The authors declare that they have no competing interests. The funders had no role in the design of the study; in the collection, analyses, or interpretation of data; in the writing of the manuscript, or in the decision to publish the results.

Figures

FIGURE 1
FIGURE 1
Purification and characterization of MVs derived from human plasma. (a) Schematic illustration of MV purification using sequential centrifugation protocols. (b) TEM images of plasma MVs (n = 4 per group) were shown, scale bar = 1 μm. (c) The diameters of isolated MVs (n = 3 per group) were measured using NTA. (d) MV positive markers (ANXA1, ANXA2, and ITGB1) and a negative marker (SP1) were detected in 100 μg pooled MV protein from the normal control group (n = 5), ARDS group (n = 5), and 20 μg THP‐1 cell lysate using western blot. ns, p > 0.05.
FIGURE 2
FIGURE 2
Comparison of plasma MV‐miR‐223 in different groups. (a) miR‐223 expression profile in various human primary cells from FANTOM5 database accessed on 05/18/2022. (b) normal control (n = 20) vs ARDS (n = 100). (c) Albuterol (n = 50) vs placebo (n = 50). (d) Direct lung injury (n = 54) vs indirect lung injury (n = 46) and (e) infectious (n = 66) vs non‐infectious (n = 28).
FIGURE 3
FIGURE 3
Plasma MV‐miR‐223 levels and mortality. (a) Survivors (n = 82) vs. non‐survivors (n = 18) at day 30. (b) MV‐miR‐223 distinguishes survivors from non‐survivors (area under the receiver operating characteristic curve [AUC] = 0.7021). A cut‐off of 2.413 pg/ml provided the highest AUC. (c) Kaplan–Meier survival curves for ARDS patients censored at 30‐days follow‐up. (d) Kaplan–Meier survival curves for ARDS patients censored at 90‐days follow‐up.
FIGURE 4
FIGURE 4
Correlation analyses between plasma MV‐miR‐223 and the prognostic parameters in ARDS patients.

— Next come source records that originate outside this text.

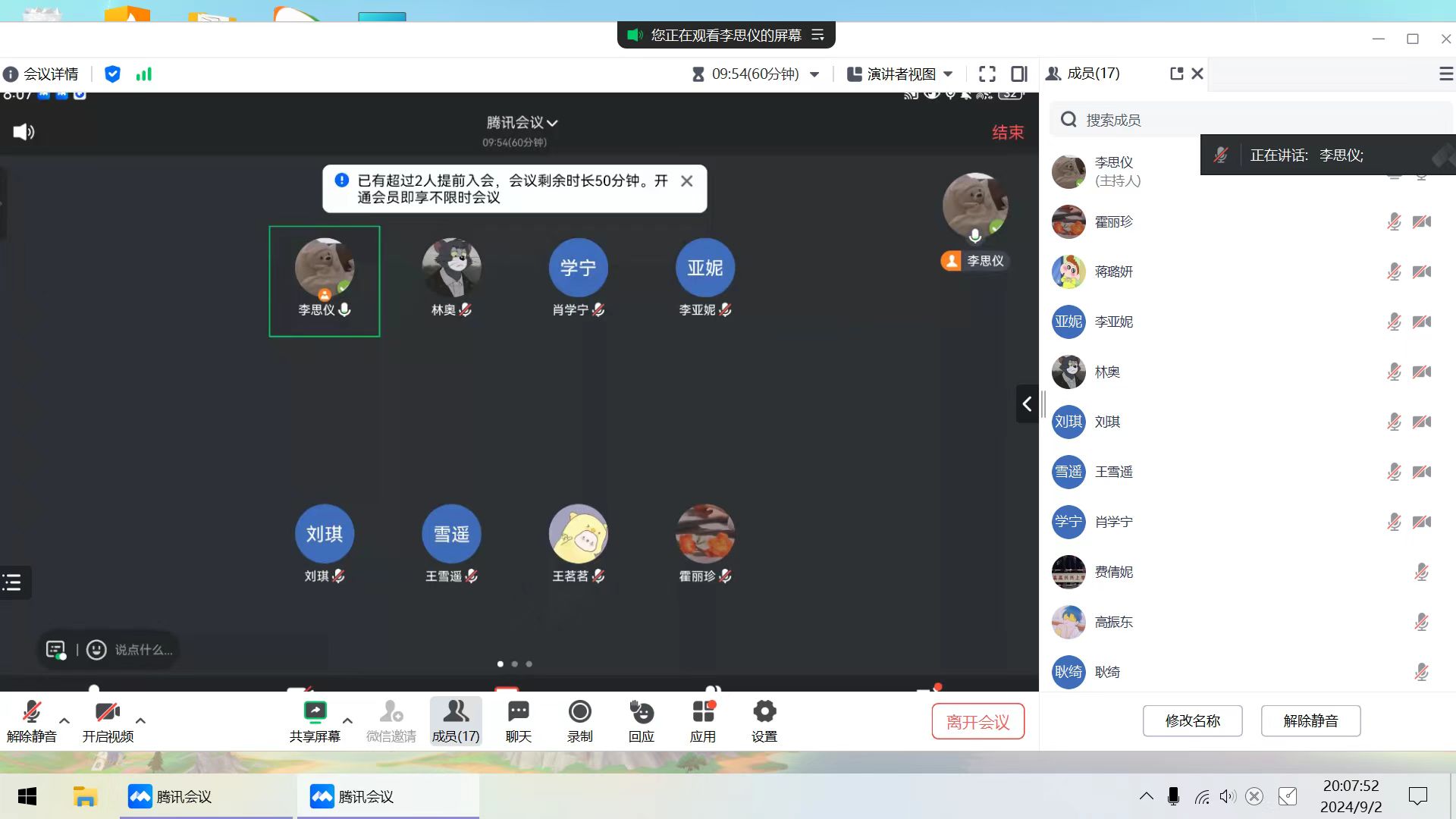 世界卫生组织给健康下的定义为:“健康是一种身体上、精神上和社会适应上的完好状态,而不是没有疾病及虚弱现象。”心理健康是健康的重要因素之一,为加强同学们对心理健康知识的认识,帮助大家正确看待和处理心理困扰,研外2475班在2024年9月2日20时召开线上主题班会,本次会议共17人参加。
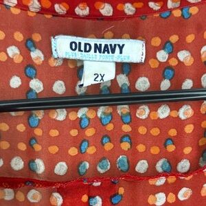 Old Navy 2X Sheer Red Polka Dot Button Down Shirt
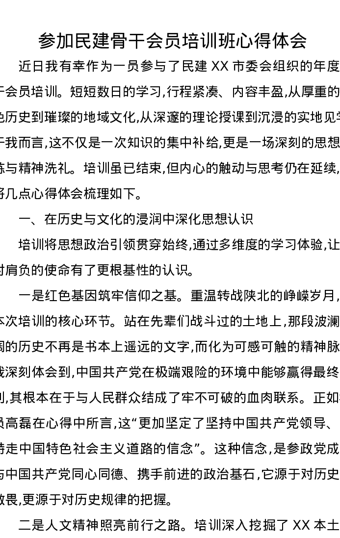 参加民建骨干会员培训班心得体会
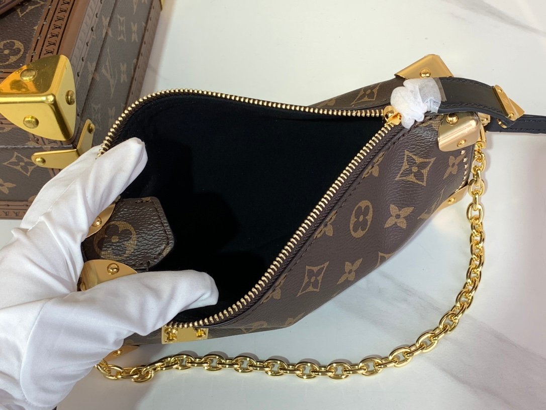 The Slim Trunk handbag elegantly appeared on the Cruise 2025 show, adding a new member to the classic Trunk handbag series. The Monogram canvas, Monogram Reverse canvas and smooth cowhide leather trim are cleverly combined to highlight Nicolas Ghesquière’s signature touch, and the S-lock buckle and metal rivets pay tribute to the long tradition of the Trunk series. Dimensions: 23 x 12 x 4 cm (length x height x width)
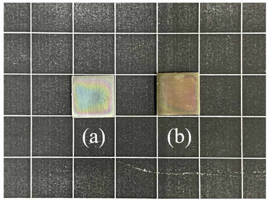 Figure 3 shows the surface view of TC4-OH (a) and TC4-initiator (b). Macroscopically, the successful grafting of BIBB caused the surface of the titanium alloy to change from silver-white to yellow compared with TC4-OH. Therefore, the successful synthesis of the TC4-initiator can also be initially judged from appearance.
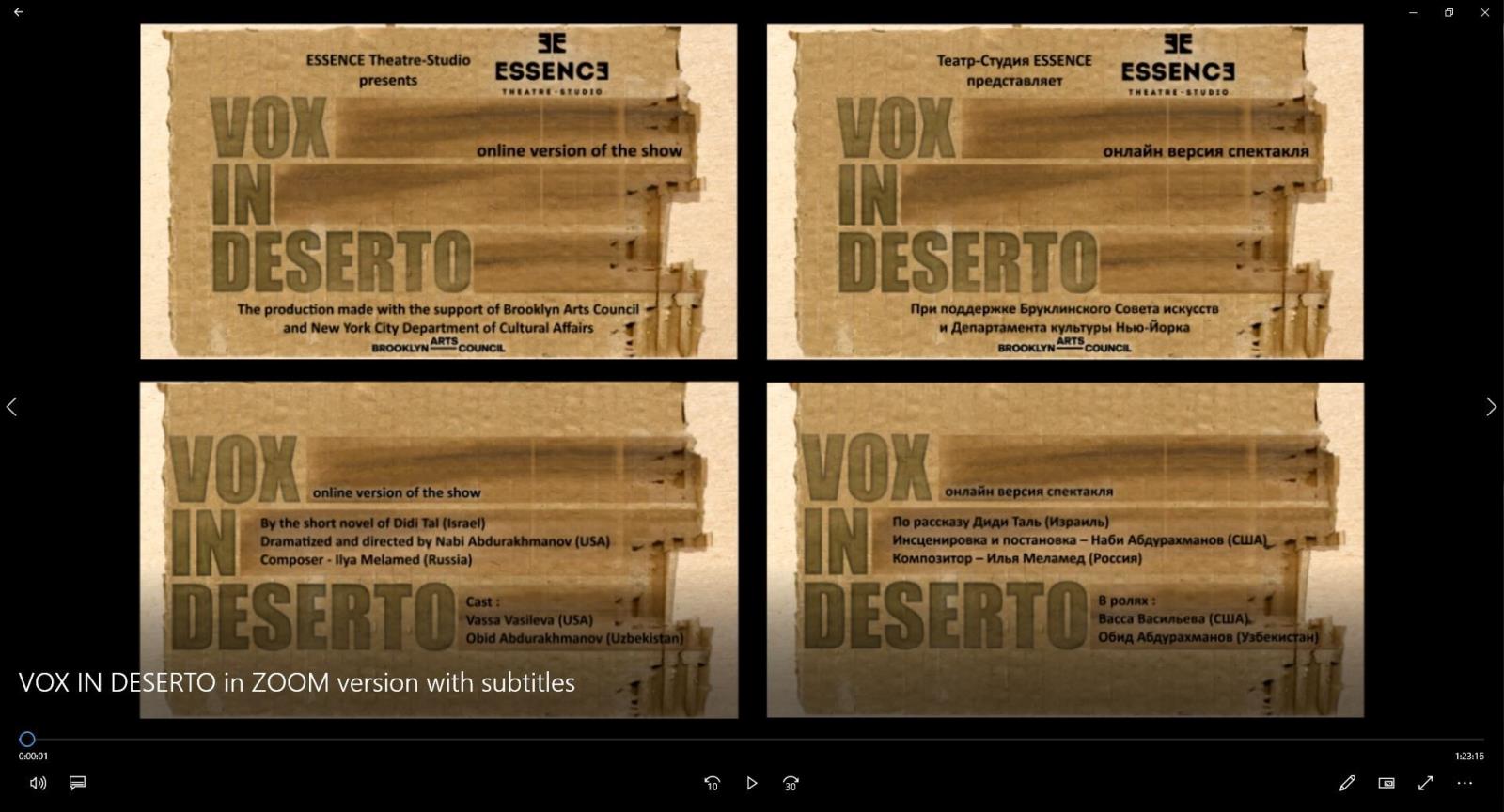«VOX IN DESERTO» стало возможным благодаря государственным фондам Программы Децентрализации Совета Искусств штата Нью-Йорк, управляемой в округе Кингс Бруклинским Советом по делам искусств.

Spearman correlation coefficient was used to test relationships between (a) MV‐miR‐223 and APACHE III score (n = 98), (b) MV‐miR‐223 and PaO2/FIO2 ratio (n = 93), (c) MV‐miR‐223 and ICU‐free days (n = 100), (d) MV‐miR‐223 and ventilator‐free days (n = 100), (e) MV‐miR‐223 and organs failure‐free days (n = 98), (f) MV‐miR‐223 and bilirubin (n = 72). (g) MV‐miR‐223 and WBC counts (n = 38).
FIGURE 5
FIGURE 5
The copies of miR‐223 per MV are increased in ARDS patients. Plasma MVs were isolated from normal subjects and ARDS patients (n = 5 per group) using sequential centrifugation protocols. (a) The MV protein concentration is determined using BCA assay. (b) The number of MV particles is measured using NTA. (c) The copy number of miR‐223 in each MV was calculated. (d) miR‐142 expression profile in various human primary cells from FANTOM5 database accessed on 09/23/2022. (e) The relative levels of plasma MV‐miR‐142 in normal subjects and ARDS patients. (f) miR‐182 expression profile in various human primary cells from FANTOM5 database accessed on 09/23/2022. (g) The relative levels of plasma MV‐miR‐182 in normal subjects and ARDS patients. ns, p > 0.05.